Category Archives: new media

Steal This Comic

Brilliant:

h/t to @Knownhuman

From Writing to Personal Memory Device

h+ Magazine postulates a seemingly distant future where we all have “personal memory devices,” that record, index, and make available every second of our experiential lives:

In the near future, someone will decide to record every moment of a human life from birth to death in digital storage…It will mark the era of personal memory offloading, an adaptive memory technology that records and indexes every single moment of your life. Offloading personal memory begins with a personal memory device, or a PMD. The basic PMD would be no more complex than a small video and sound recorder that captures your every experience. A PMD could be easily fitted shortly after birth; the least invasive option would be like a Bluetooth headset worn over the ear connected wirelessly to a local device no larger than a cell phone. Once installed, the PMD would capture and upload all first-person memories to a centralized database for indexing, search, and recall.
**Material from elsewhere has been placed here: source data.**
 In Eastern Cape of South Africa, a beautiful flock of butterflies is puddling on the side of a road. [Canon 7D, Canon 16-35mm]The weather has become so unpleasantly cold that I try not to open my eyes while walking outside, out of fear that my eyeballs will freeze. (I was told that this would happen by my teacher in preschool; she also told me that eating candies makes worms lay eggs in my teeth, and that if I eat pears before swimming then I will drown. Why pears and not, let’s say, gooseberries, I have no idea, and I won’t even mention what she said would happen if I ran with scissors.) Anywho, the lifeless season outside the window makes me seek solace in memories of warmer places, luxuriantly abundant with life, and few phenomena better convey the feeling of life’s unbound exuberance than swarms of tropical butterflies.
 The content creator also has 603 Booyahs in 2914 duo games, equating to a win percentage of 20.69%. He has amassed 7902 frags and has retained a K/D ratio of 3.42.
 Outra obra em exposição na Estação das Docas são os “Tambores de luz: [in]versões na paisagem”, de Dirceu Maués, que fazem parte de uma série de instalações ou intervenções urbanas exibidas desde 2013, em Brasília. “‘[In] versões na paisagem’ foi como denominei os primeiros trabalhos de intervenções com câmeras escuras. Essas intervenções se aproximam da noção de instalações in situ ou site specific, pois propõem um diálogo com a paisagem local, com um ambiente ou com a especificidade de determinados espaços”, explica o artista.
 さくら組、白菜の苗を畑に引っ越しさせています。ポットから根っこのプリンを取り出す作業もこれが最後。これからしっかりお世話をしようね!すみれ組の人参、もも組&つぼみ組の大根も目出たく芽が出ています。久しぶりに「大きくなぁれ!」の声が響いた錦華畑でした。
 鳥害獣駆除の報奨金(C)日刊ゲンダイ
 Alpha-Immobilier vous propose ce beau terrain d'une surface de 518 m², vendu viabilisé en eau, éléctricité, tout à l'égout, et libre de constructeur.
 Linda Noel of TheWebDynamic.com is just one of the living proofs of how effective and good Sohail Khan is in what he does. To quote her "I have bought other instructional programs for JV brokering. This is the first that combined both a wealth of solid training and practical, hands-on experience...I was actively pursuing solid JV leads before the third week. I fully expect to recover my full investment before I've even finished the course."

To be clear, the author isn’t talking about embedding chips in our brains, or recording our innermost thoughts and feelings. The idea here is more like a video recorder that’s running all the time, like a playback of your avatar in SecondLife. It would capture “GPS, Google Maps, facial recognition, speech/text recognition, brainwave analysis and so on,” recording this all for posterity, and making it available for use later on:

Whatever you do will be captured by the PMD for later playback and recall. Your PMD will remember every place you visit, every person you meet, every conversation you have, every object you look at, every movie you watch, every meal you eat, every page you read, every email you write, everything.
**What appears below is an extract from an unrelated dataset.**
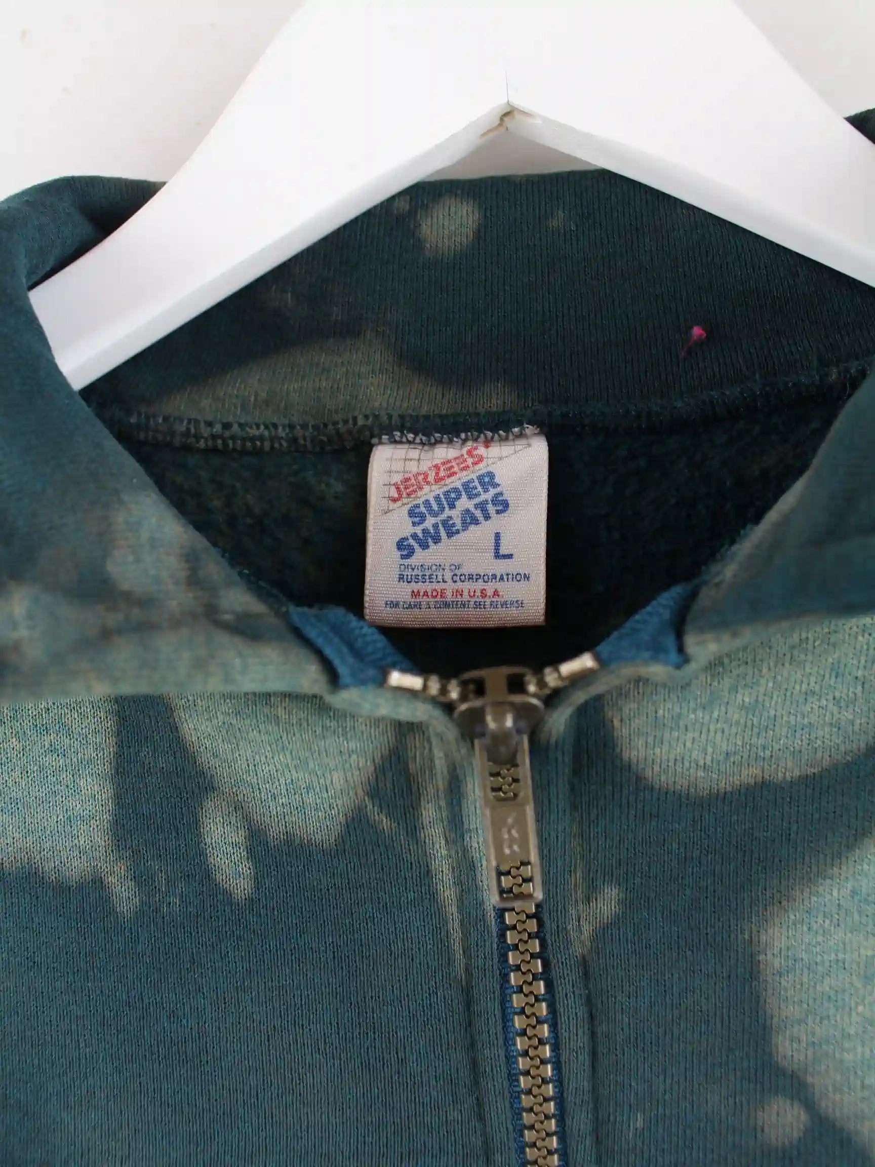 Sweater aus dem Hause Jerzees mit kurzem Reißverschluß in Größe L aus den 90'ern. Er ist aus einer Baumwollmischung und in Grün zu bekommen.

It sounds like Big Brother. But isn’t a lot of this already happening?

Our calls and email messages today leave traces that the government can use to spy on us. Search engines track what we do online. Our browsers track what what we do as well. We post most of what goes on in our lives on social networking sites, while remaining clueless about how these sites protect — or don’t protect — our privacy. We post our location without thinking of the implications.

The technology behind a personal memory device isn’t all that far-fetched. It’s possible to stream video from wherever you are already. This dumped to a database, time-stamped and geo-located, would provide much of the basis of such a system. Or, even closer to the vision of h+’s futuristic article, here is the Sensecam — a device, available today, that helps people with Alzheimer’s and other memory disorders to remember:

The concept was simple: using digital pictures and audio to archive an experience like a weekend visit from the grandchildren, creating a summary of the resulting content by picking crucial images, and reviewing them periodically to awaken and strengthen the memory of the event.
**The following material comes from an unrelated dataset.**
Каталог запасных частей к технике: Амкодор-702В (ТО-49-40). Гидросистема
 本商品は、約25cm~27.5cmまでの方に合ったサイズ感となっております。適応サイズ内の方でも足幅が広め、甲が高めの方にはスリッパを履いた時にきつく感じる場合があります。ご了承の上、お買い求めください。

The hardware is a little black box called the Sensecam, which contains a digital camera and an accelerometer to measure movement…For the elderly, though, it could herald a new kind of relationship between mind and machine: even as plaque gets deposited on the brain, everyday experience is deposited on silicon, then retrieved.

Admittidly, the personal memory device still does not exist today, but we are close. Rather than this being some shocking sci-fi, and maybe even dystopian vision, I think this is actually predictable.

Isn’t this, in fact, the logical conclusion to a path humans have been on since the invention of writing? A line that can be drawn, from pre-literate humans, to writing, to the dawn of the computer age, to today — it is a line that finds humans almost compulsively drawn to recording our existence.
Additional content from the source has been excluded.